EXERCISE DETAILS:
Repeat only the lines below that run from the line with "Graugänse hinterlassen an" to the line with "Het Veelkleurig Aziatisch lieveheersbeestje, nieuw", ends included; skip every picture.
[Opening PROVIDED RECORDS section]
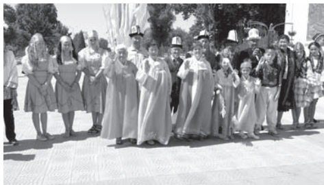
Толерантность-важная черта жителей Узбекистана

Как известно, долготерпеливый лучше храброго, а владеющий собою лучше завоевателя. Об этом написано еще в Притчах Соломоновых, глава 16, стих 32. И не случайно ЮНЕСКО в связи с 50-летием создания этой авторитетной организации в ноябре 1995 года учредила Международный день толерантности (терпимости), который отмечается ежегодно 16 ноября. Именно 16 ноября 1995 года государства-члены ЮНЕСКО приняли Декларацию принципов толерантности.
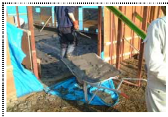
写真3 沈殿泥 ( )
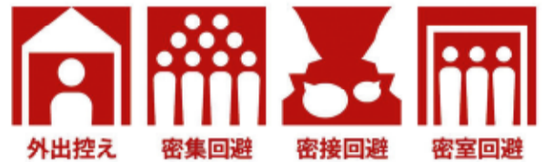
外出控え 密集回避 密接回避 密室回避

自分のため、みんなのため、そして大切な人のため。私たち一人ひとりが、できることをしっかりやっていく。それが私たちの未来をつくります。
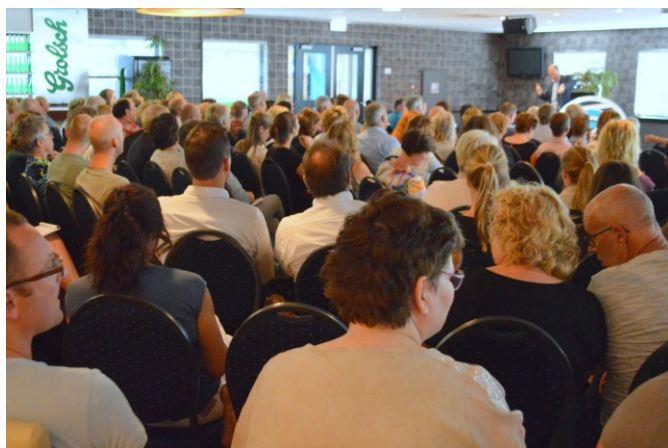
Het was 30 augustus een 'volle bak' in de Vijverberg.

Om een zuivere procedure te garanderen is Negometrix namelijk het enige kanaal waar vragen en antwoorden te vinden zijn. Op die manier krijgt iedere aanbieder dezelfde informatie.
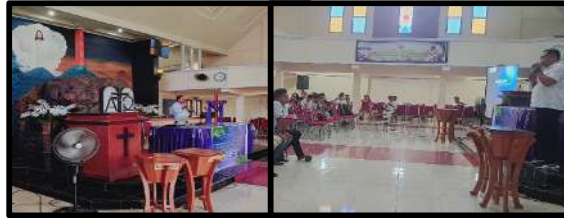
Gambar 4. Sosialisasi Literasi Bahasa yang Etis bagi Peserta dalam bermedia digital
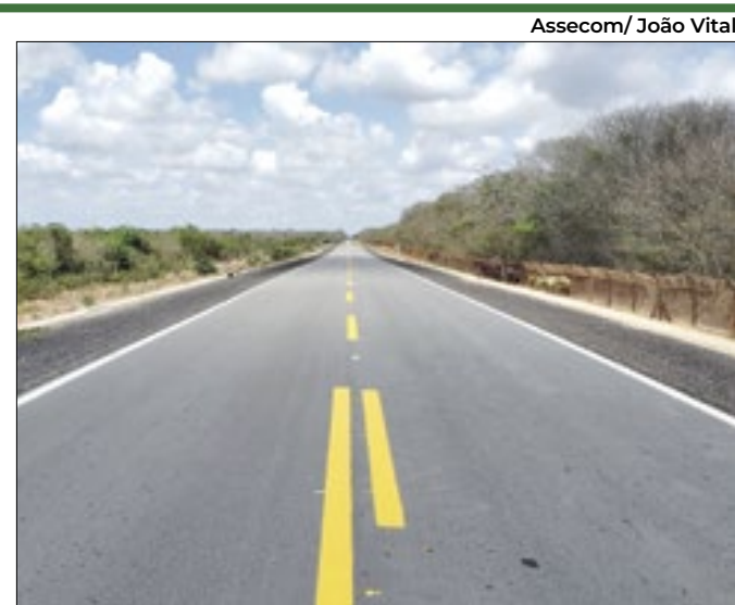
Governo estadual apresentou a pauta em Brasília
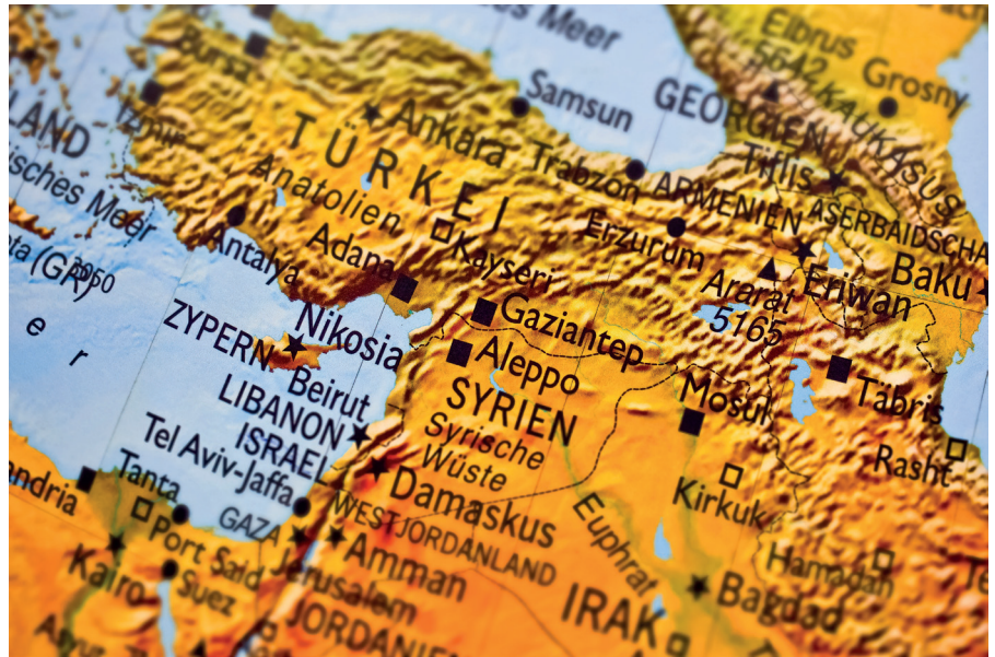
Syrien und Nachbarstaaten

Dieser Text wurde zuerst am 11.12.2024 auf www.jonathan-cook.net unter der URL https://www.jonathan-cook.net/2024-12-11/syria-assad-pentagon-plan/ veröffentlicht. Lizenz: Jonathan Cook, Middle East Eye
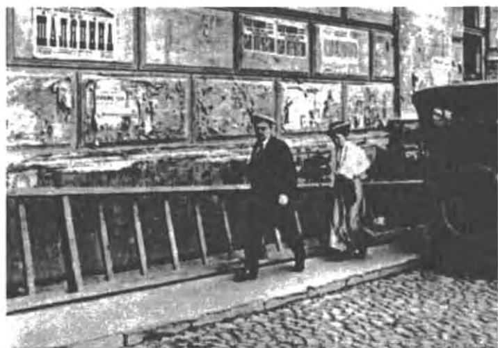
Ленин со своей сестрой М.И. Ульяновой по пути на V Всероссийский съезд Советов в Москве: «Высказать, что есть!»
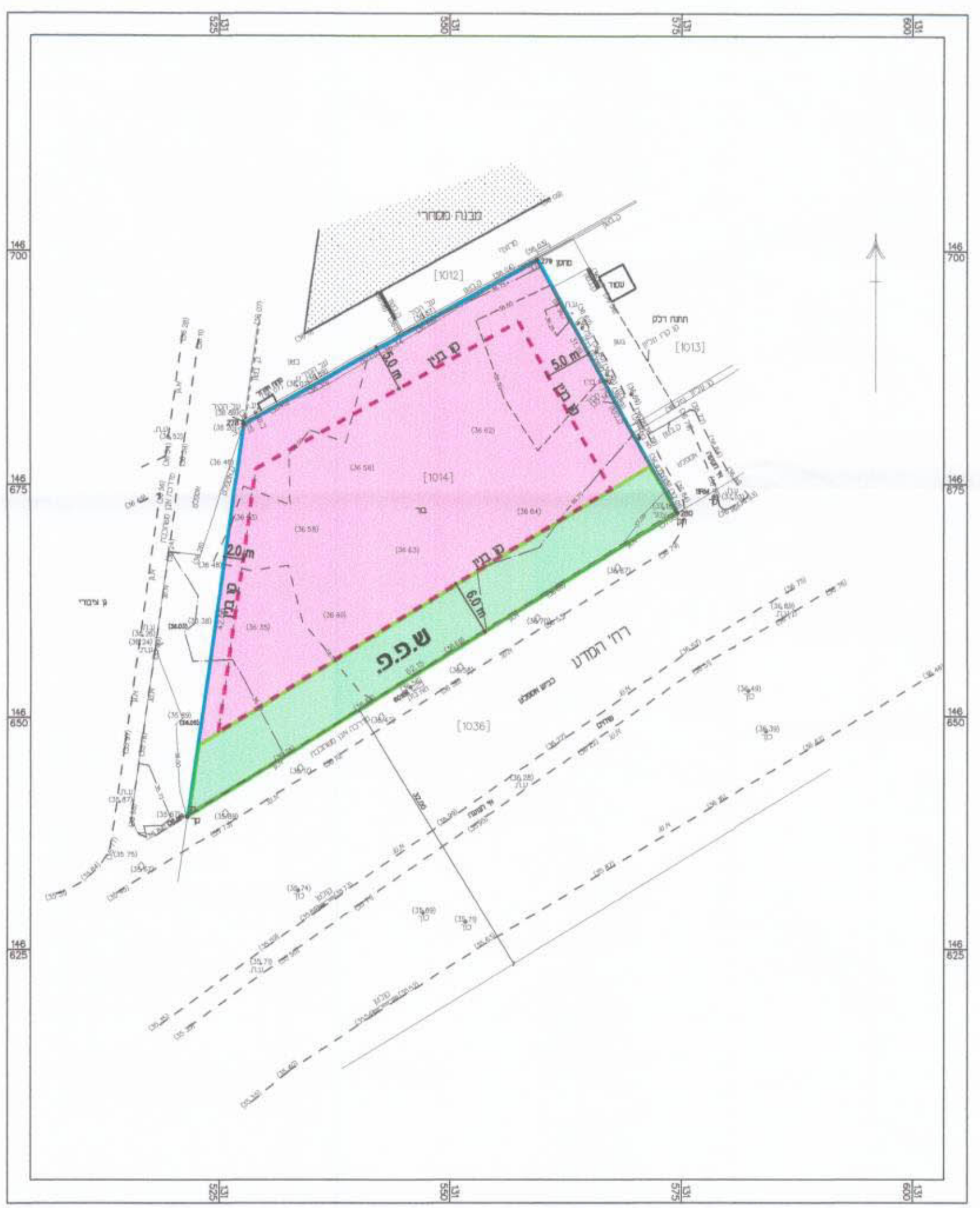
תכנית מצב מוצע 1:500
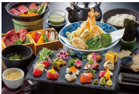
会席料理 (イメージ)

但し、浴衣を着用の上、タオルは宿泊されますタオルをお持ちください。 ※混雑時はお断わりする場合がございます。予めご了承ください。
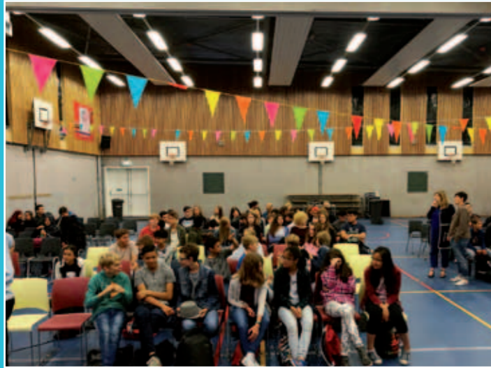
De algemene introductie is voor alle klassen tegelijk in de gymzaal van de school.
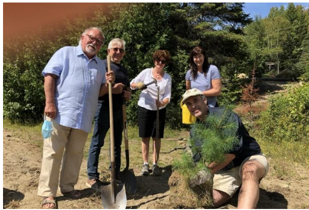
LÉGENDE : plantation d'arbres sur la plage des Pins, 2021

2021 : Les usages permis au règlement de zonage s'appliquant à une grande partie du bassin versant du lac Sarrazin ont été amendés suite aux demandes de l'Association des propriétaires du lac Sarrazin (APLS) délimitant ainsi la zone Res-05 en regard aux locations à court terme. Une grande réussite de l'APLS !
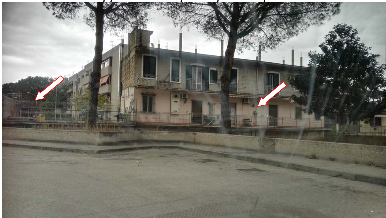
Foto 1 - vista dell'edificio dalla strada via Alcide de Gasperi dove è visibile anche il lastrico solare descritto al bene 3
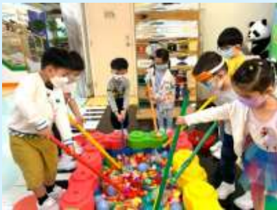
你估下邊個撈到最多復活蛋。
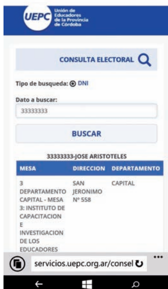
Prueba del fraude

Un proceso de desmovilización atraviesa al gremio, en un momento
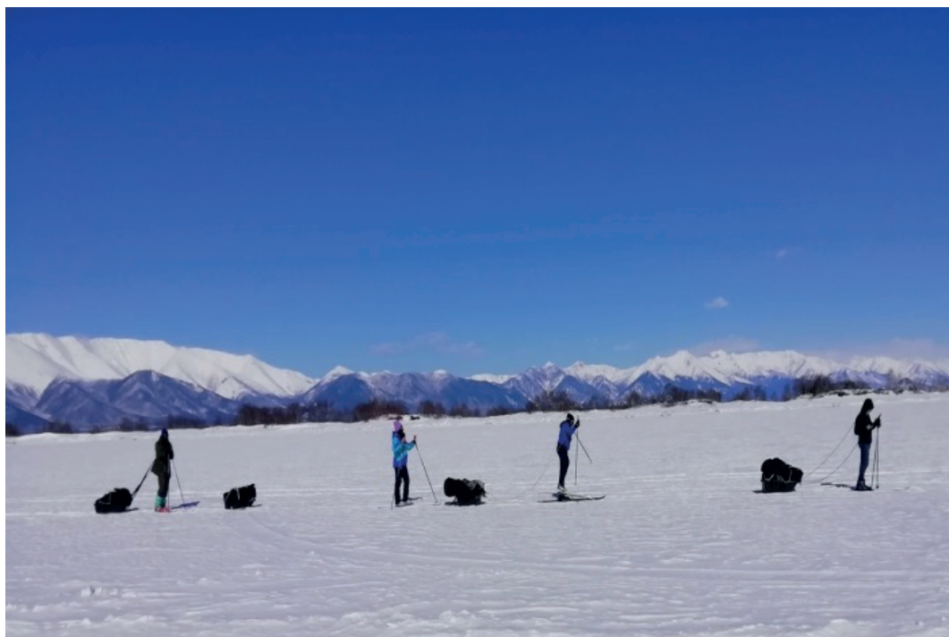
Вдоль архипелага Ярки
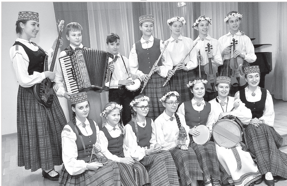
Вновь созданный оркестр народных инструментов.
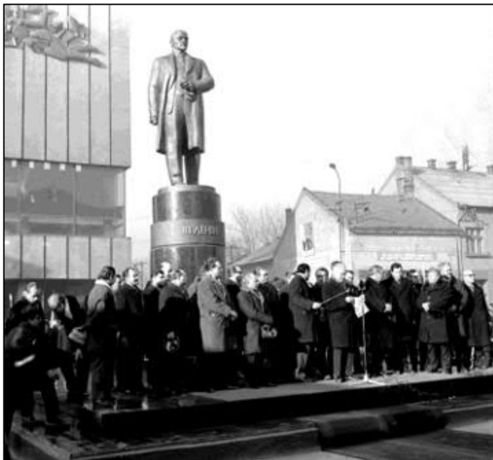
Рис. 14. Відкриття пам'ятника Леніну в Берегові в 1972 р. Центральний державний кінофотофоноархів України імені Г. С. Пшеничного. Од. обл. 2-124578
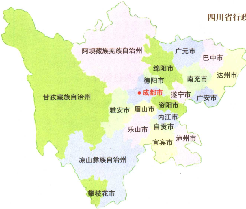
四川省行政区划示意图
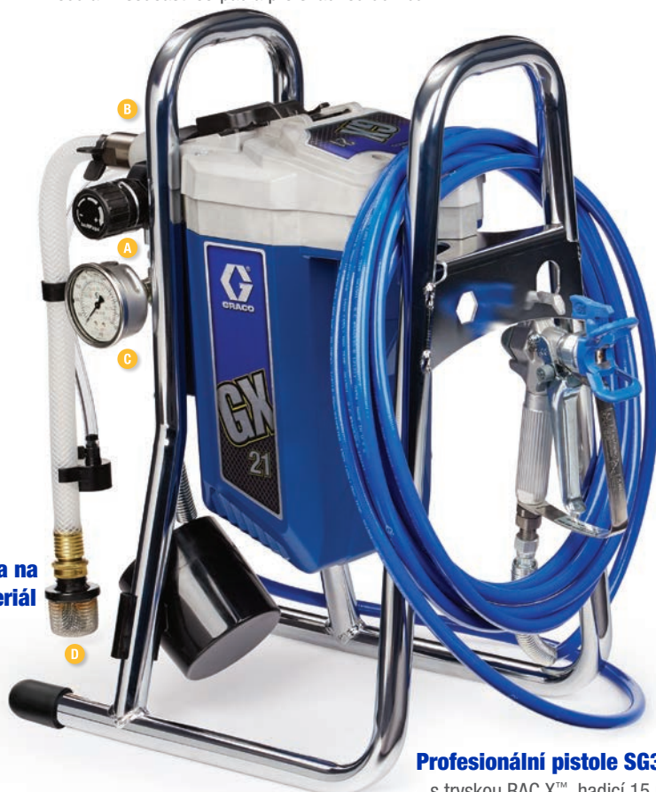
Profesionální pistole SG3™ s tryskou RAC X™, hadicí 15 m.
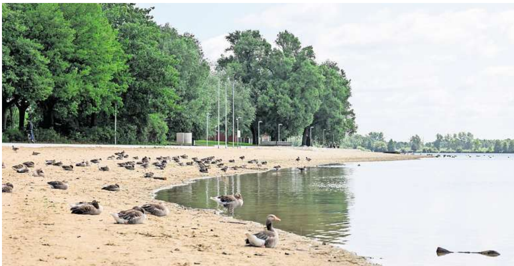
Graugänse hinterlassen an den Wolfsburger Seen ihre Spuren.

Auch am Allersee gehören die Vögel weiterhin zum gewohnten Bild. Doch dort fällt ein Unterschied auf: An den öffentlichen Badestrandabschnitten sind derzeit nur wenige Graugänse zu sehen. Vereinzelt liegt Gänsekot
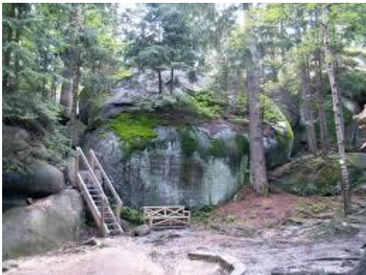
... und natürlich ins Felsenlabyrinth
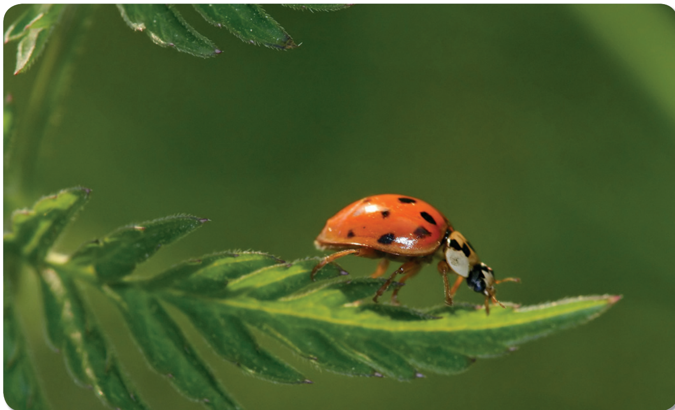
Het Veelkleurig Aziatisch lieveheersbeestje, nieuw voor de Belgische fauna en in enkele jaren tijd een van de algemeenste soorten lieveheersbeestjes geworden.

Zo'n tien jaar geleden maakten Adriaens & Gysels (2002) in Natuur.focus melding van de mogelijke impact van het Veelkleurig Aziatisch lieveheersbeestje op inheemse lieveheersbeestjes. Ze riepen toen ook op om alle waarnemingen te melden om zo een goed beeld te krijgen van de opmars van deze invasieve exoot. Door de vele waarnemingen, een gerichte monitoring en internationale samenwerking kunnen we nu duidelijk de negatieve gevolgen van de aanwezigheid van deze soort op sommige van de inheemse lieveheersbeestjes aantonen, en dit zowel in België als in enkele andere Europese landen.
[Closing PROVIDED RECORDS section]
PROBLEM SOLUTION:
Graugänse hinterlassen an den Wolfsburger Seen ihre Spuren.

Auch am Allersee gehören die Vögel weiterhin zum gewohnten Bild. Doch dort fällt ein Unterschied auf: An den öffentlichen Badestrandabschnitten sind derzeit nur wenige Graugänse zu sehen. Vereinzelt liegt Gänsekot
... und natürlich ins Felsenlabyrinth
Het Veelkleurig Aziatisch lieveheersbeestje, nieuw voor de Belgische fauna en in enkele jaren tijd een van de algemeenste soorten lieveheersbeestjes geworden.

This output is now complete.